Problem description —
Before returning the data, strip out the pictures and keep everything else exactly the same.

Collected data —
»»

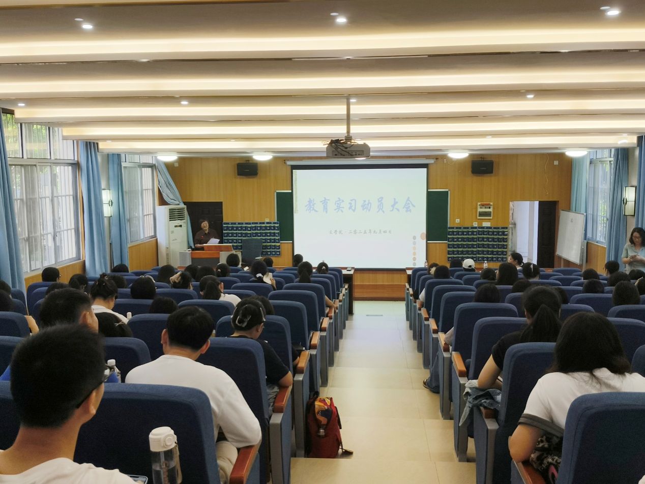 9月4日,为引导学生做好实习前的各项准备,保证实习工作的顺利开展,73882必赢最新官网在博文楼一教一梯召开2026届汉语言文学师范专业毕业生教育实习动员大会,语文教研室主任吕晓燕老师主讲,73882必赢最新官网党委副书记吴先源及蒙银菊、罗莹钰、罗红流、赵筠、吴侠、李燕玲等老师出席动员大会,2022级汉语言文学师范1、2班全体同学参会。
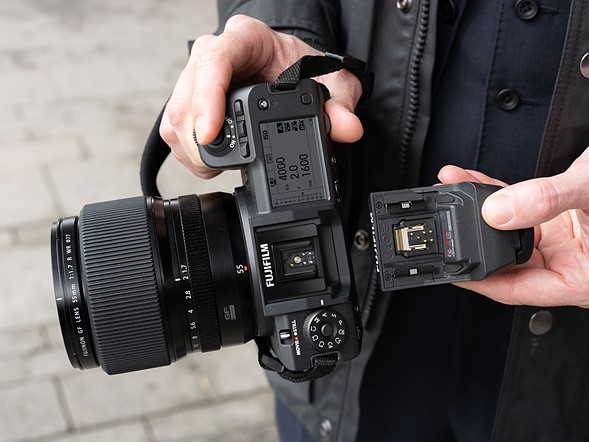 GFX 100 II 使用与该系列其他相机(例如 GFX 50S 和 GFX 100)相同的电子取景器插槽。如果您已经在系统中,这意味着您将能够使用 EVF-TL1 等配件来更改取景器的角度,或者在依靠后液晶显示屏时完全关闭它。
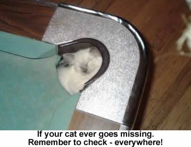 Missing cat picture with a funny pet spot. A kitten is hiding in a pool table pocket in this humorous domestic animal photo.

««

Response to this exercise —
 9月4日,为引导学生做好实习前的各项准备,保证实习工作的顺利开展,73882必赢最新官网在博文楼一教一梯召开2026届汉语言文学师范专业毕业生教育实习动员大会,语文教研室主任吕晓燕老师主讲,73882必赢最新官网党委副书记吴先源及蒙银菊、罗莹钰、罗红流、赵筠、吴侠、李燕玲等老师出席动员大会,2022级汉语言文学师范1、2班全体同学参会。
 GFX 100 II 使用与该系列其他相机(例如 GFX 50S 和 GFX 100)相同的电子取景器插槽。如果您已经在系统中,这意味着您将能够使用 EVF-TL1 等配件来更改取景器的角度,或者在依靠后液晶显示屏时完全关闭它。
 Missing cat picture with a funny pet spot. A kitten is hiding in a pool table pocket in this humorous domestic animal photo.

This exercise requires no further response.